Data in this exercise:
::::
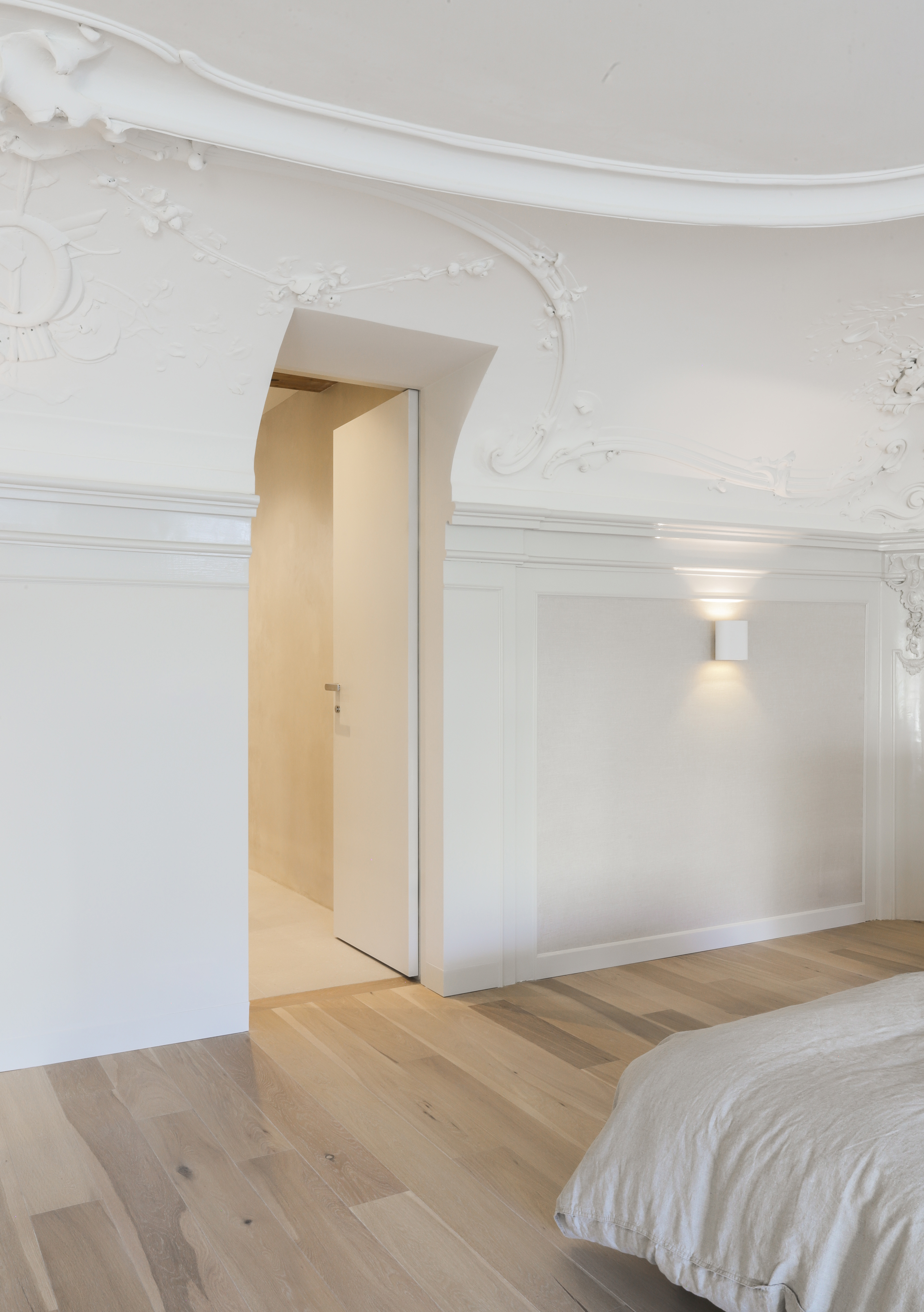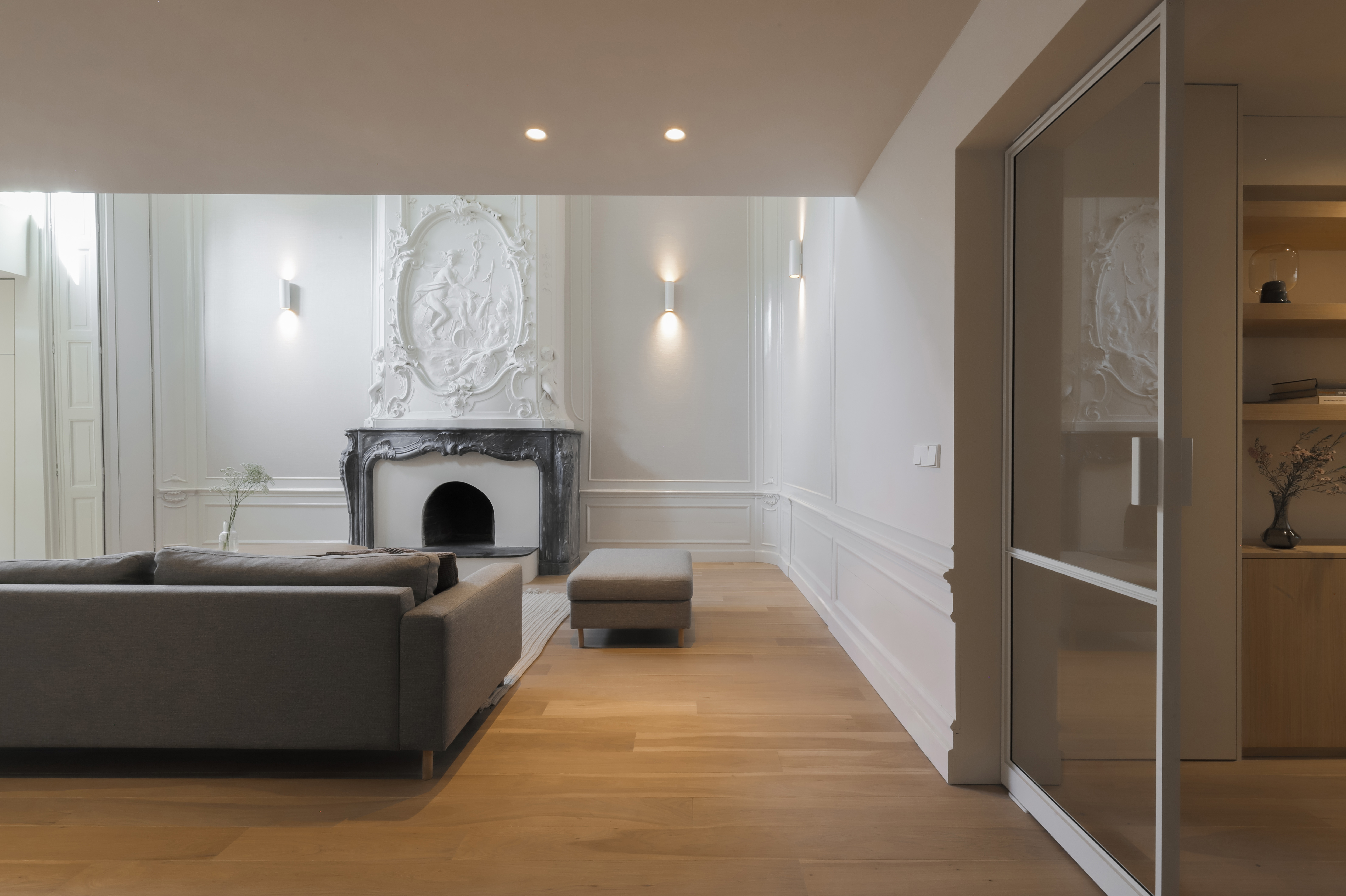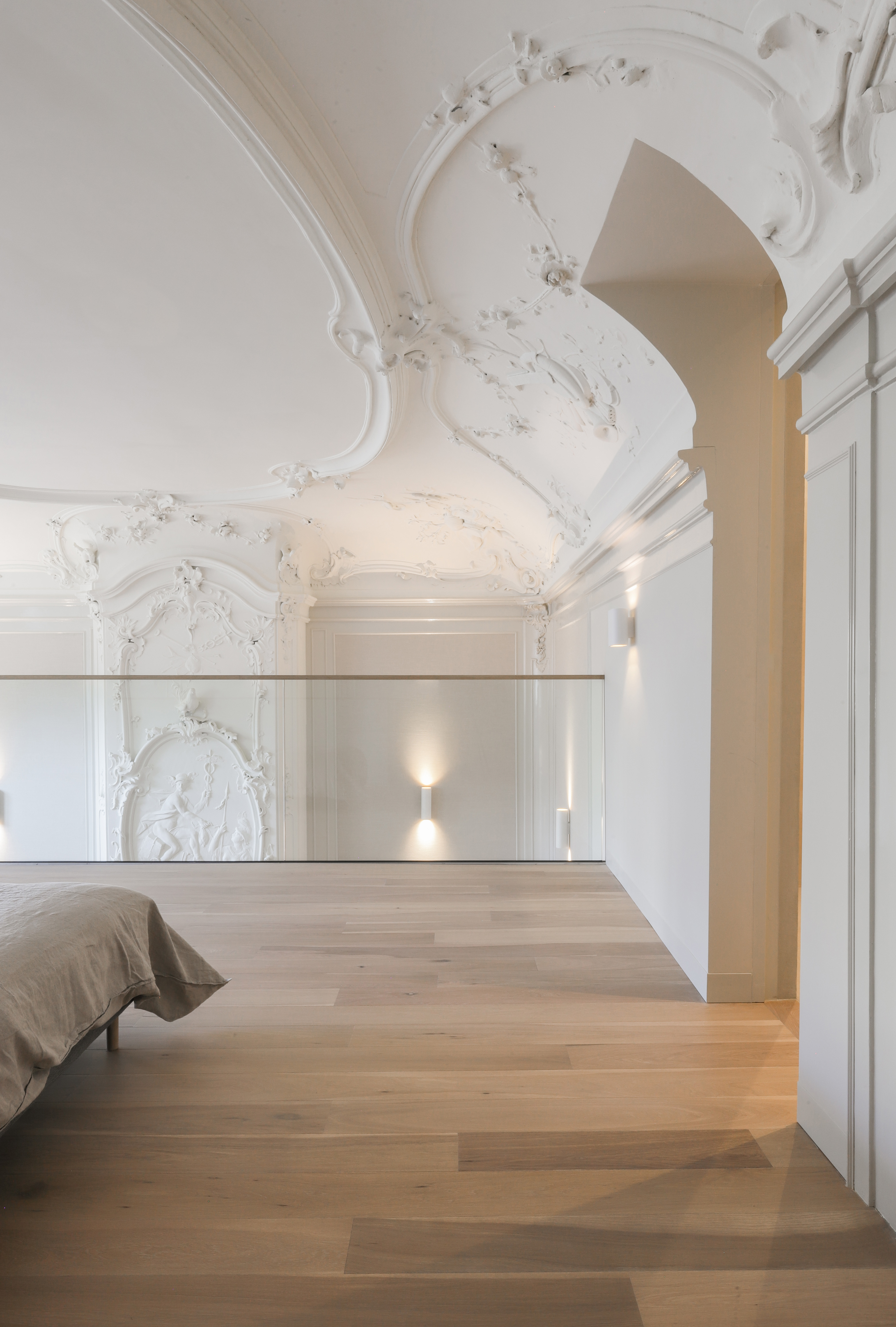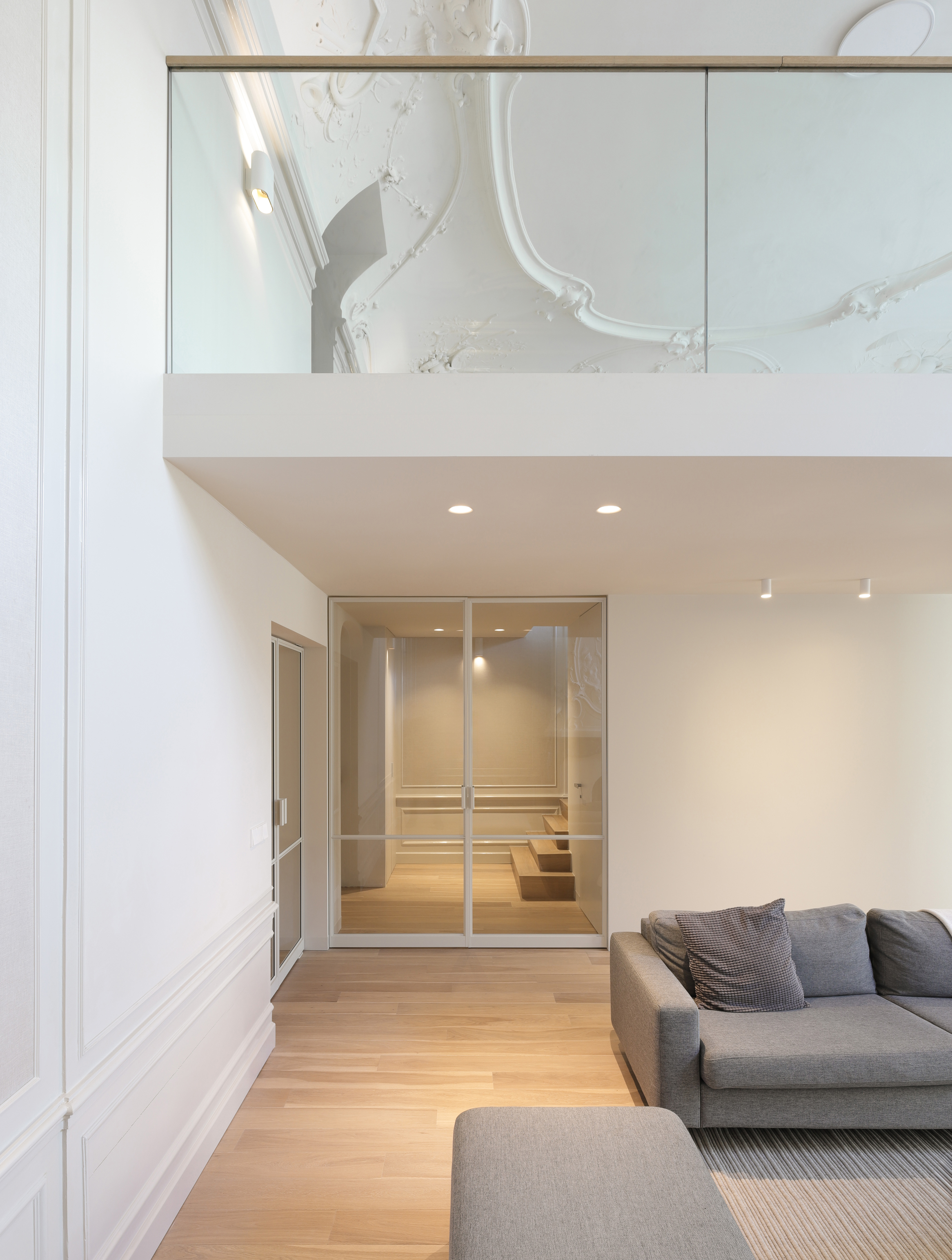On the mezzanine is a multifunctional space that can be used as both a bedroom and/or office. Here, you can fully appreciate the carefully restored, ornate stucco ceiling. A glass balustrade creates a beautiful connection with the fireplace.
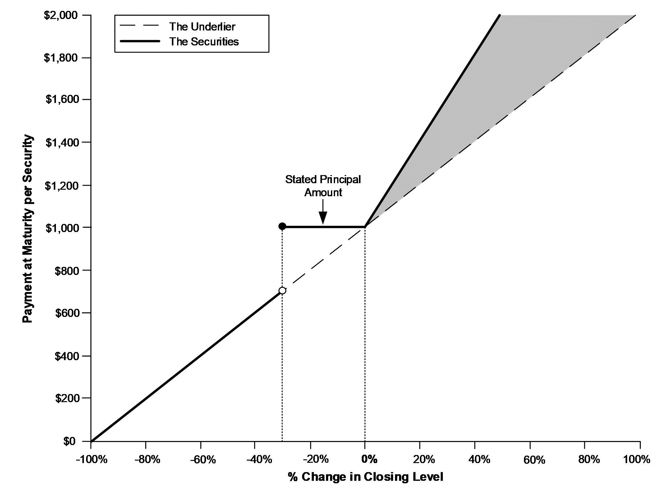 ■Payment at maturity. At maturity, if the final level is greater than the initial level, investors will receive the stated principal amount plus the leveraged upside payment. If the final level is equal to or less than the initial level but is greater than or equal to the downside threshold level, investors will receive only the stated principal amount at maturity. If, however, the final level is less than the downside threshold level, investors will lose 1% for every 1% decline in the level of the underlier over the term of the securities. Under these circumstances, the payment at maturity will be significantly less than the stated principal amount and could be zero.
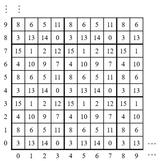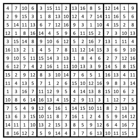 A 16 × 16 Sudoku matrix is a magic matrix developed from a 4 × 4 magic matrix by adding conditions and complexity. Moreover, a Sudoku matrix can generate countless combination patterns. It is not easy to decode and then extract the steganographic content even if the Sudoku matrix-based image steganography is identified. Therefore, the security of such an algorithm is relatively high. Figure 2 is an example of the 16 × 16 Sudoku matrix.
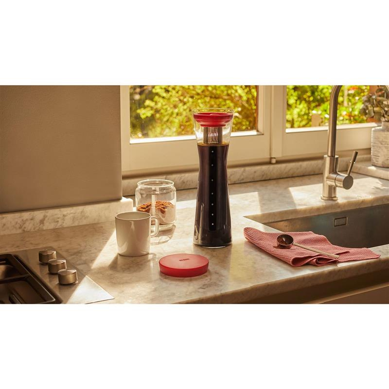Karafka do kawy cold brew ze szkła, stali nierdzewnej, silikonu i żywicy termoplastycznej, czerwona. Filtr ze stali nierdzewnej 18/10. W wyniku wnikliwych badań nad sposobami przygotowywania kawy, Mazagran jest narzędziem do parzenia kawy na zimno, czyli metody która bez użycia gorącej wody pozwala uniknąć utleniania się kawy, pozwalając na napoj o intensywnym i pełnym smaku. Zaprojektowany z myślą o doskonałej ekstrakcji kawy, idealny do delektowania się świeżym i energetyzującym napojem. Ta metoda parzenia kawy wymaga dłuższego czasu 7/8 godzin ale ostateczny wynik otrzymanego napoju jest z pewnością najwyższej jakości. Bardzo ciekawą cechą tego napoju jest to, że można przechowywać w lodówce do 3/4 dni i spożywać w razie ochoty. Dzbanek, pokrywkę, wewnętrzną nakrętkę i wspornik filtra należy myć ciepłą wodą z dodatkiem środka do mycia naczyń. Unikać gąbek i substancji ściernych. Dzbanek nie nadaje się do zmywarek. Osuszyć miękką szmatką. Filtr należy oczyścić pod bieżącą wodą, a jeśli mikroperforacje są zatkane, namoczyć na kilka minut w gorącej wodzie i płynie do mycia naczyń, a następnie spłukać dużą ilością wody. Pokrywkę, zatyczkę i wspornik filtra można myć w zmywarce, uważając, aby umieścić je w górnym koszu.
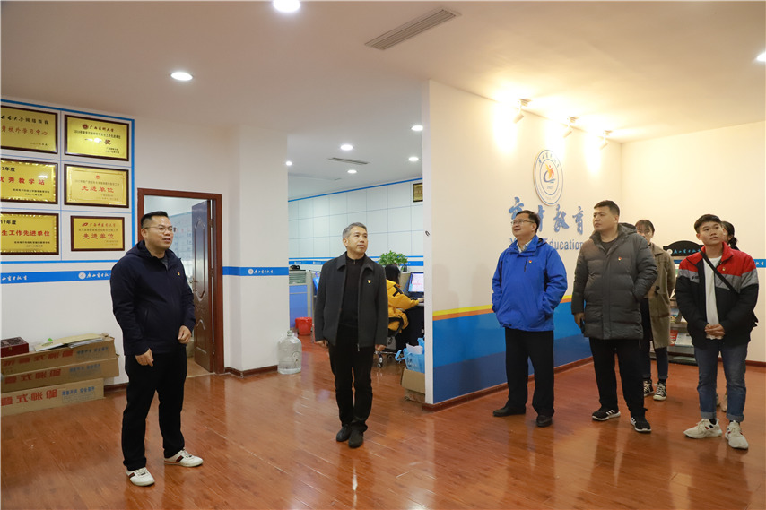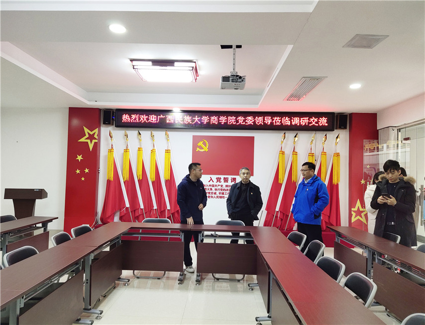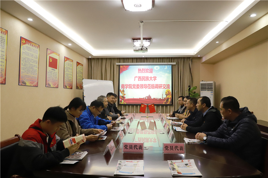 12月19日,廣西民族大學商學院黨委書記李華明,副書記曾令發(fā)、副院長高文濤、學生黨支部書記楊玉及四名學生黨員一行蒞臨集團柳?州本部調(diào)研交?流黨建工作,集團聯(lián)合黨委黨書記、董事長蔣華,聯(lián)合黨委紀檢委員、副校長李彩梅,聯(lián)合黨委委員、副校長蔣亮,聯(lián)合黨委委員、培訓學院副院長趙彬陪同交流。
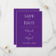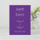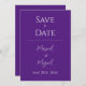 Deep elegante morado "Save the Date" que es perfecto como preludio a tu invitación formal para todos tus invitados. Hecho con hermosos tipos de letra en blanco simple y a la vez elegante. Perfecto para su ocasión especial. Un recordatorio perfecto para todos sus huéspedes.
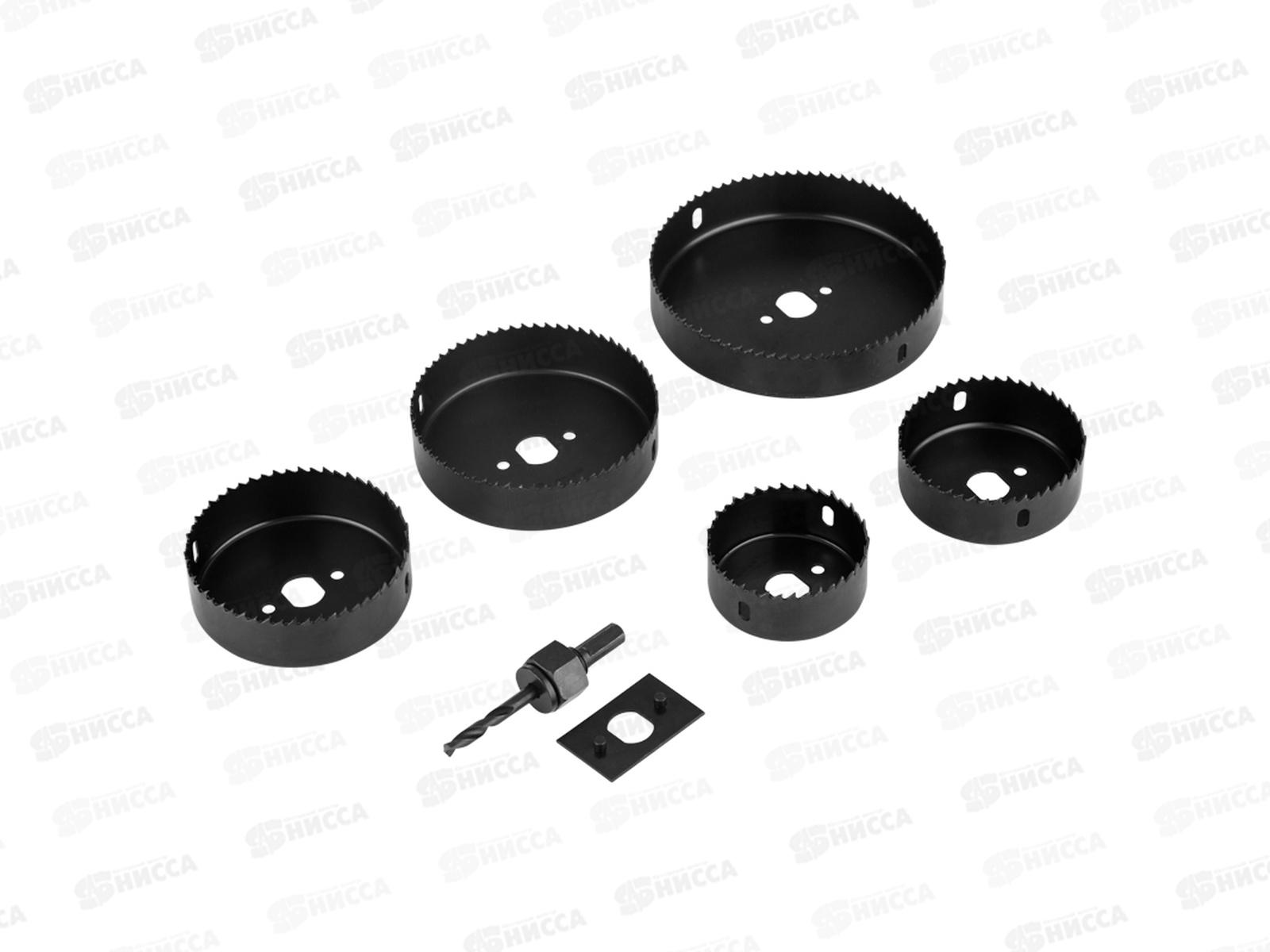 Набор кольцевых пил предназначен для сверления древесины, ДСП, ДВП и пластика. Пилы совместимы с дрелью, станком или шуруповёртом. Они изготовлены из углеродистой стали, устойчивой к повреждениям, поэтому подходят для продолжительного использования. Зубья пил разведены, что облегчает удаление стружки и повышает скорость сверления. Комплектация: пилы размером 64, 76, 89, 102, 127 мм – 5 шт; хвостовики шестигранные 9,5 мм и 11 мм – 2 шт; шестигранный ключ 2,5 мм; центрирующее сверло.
::::
Exercise directions:
Please give every line above again word for word, apart from the pictures.

Reply to the exercise:
On the mezzanine is a multifunctional space that can be used as both a bedroom and/or office. Here, you can fully appreciate the carefully restored, ornate stucco ceiling. A glass balustrade creates a beautiful connection with the fireplace.
 ■Payment at maturity. At maturity, if the final level is greater than the initial level, investors will receive the stated principal amount plus the leveraged upside payment. If the final level is equal to or less than the initial level but is greater than or equal to the downside threshold level, investors will receive only the stated principal amount at maturity. If, however, the final level is less than the downside threshold level, investors will lose 1% for every 1% decline in the level of the underlier over the term of the securities. Under these circumstances, the payment at maturity will be significantly less than the stated principal amount and could be zero.
 A 16 × 16 Sudoku matrix is a magic matrix developed from a 4 × 4 magic matrix by adding conditions and complexity. Moreover, a Sudoku matrix can generate countless combination patterns. It is not easy to decode and then extract the steganographic content even if the Sudoku matrix-based image steganography is identified. Therefore, the security of such an algorithm is relatively high. Figure 2 is an example of the 16 × 16 Sudoku matrix.
Karafka do kawy cold brew ze szkła, stali nierdzewnej, silikonu i żywicy termoplastycznej, czerwona. Filtr ze stali nierdzewnej 18/10. W wyniku wnikliwych badań nad sposobami przygotowywania kawy, Mazagran jest narzędziem do parzenia kawy na zimno, czyli metody która bez użycia gorącej wody pozwala uniknąć utleniania się kawy, pozwalając na napoj o intensywnym i pełnym smaku. Zaprojektowany z myślą o doskonałej ekstrakcji kawy, idealny do delektowania się świeżym i energetyzującym napojem. Ta metoda parzenia kawy wymaga dłuższego czasu 7/8 godzin ale ostateczny wynik otrzymanego napoju jest z pewnością najwyższej jakości. Bardzo ciekawą cechą tego napoju jest to, że można przechowywać w lodówce do 3/4 dni i spożywać w razie ochoty. Dzbanek, pokrywkę, wewnętrzną nakrętkę i wspornik filtra należy myć ciepłą wodą z dodatkiem środka do mycia naczyń. Unikać gąbek i substancji ściernych. Dzbanek nie nadaje się do zmywarek. Osuszyć miękką szmatką. Filtr należy oczyścić pod bieżącą wodą, a jeśli mikroperforacje są zatkane, namoczyć na kilka minut w gorącej wodzie i płynie do mycia naczyń, a następnie spłukać dużą ilością wody. Pokrywkę, zatyczkę i wspornik filtra można myć w zmywarce, uważając, aby umieścić je w górnym koszu.
 12月19日,廣西民族大學商學院黨委書記李華明,副書記曾令發(fā)、副院長高文濤、學生黨支部書記楊玉及四名學生黨員一行蒞臨集團柳?州本部調(diào)研交?流黨建工作,集團聯(lián)合黨委黨書記、董事長蔣華,聯(lián)合黨委紀檢委員、副校長李彩梅,聯(lián)合黨委委員、副校長蔣亮,聯(lián)合黨委委員、培訓學院副院長趙彬陪同交流。
 Deep elegante morado "Save the Date" que es perfecto como preludio a tu invitación formal para todos tus invitados. Hecho con hermosos tipos de letra en blanco simple y a la vez elegante. Perfecto para su ocasión especial. Un recordatorio perfecto para todos sus huéspedes.
 Набор кольцевых пил предназначен для сверления древесины, ДСП, ДВП и пластика. Пилы совместимы с дрелью, станком или шуруповёртом. Они изготовлены из углеродистой стали, устойчивой к повреждениям, поэтому подходят для продолжительного использования. Зубья пил разведены, что облегчает удаление стружки и повышает скорость сверления. Комплектация: пилы размером 64, 76, 89, 102, 127 мм – 5 шт; хвостовики шестигранные 9,5 мм и 11 мм – 2 шт; шестигранный ключ 2,5 мм; центрирующее сверло.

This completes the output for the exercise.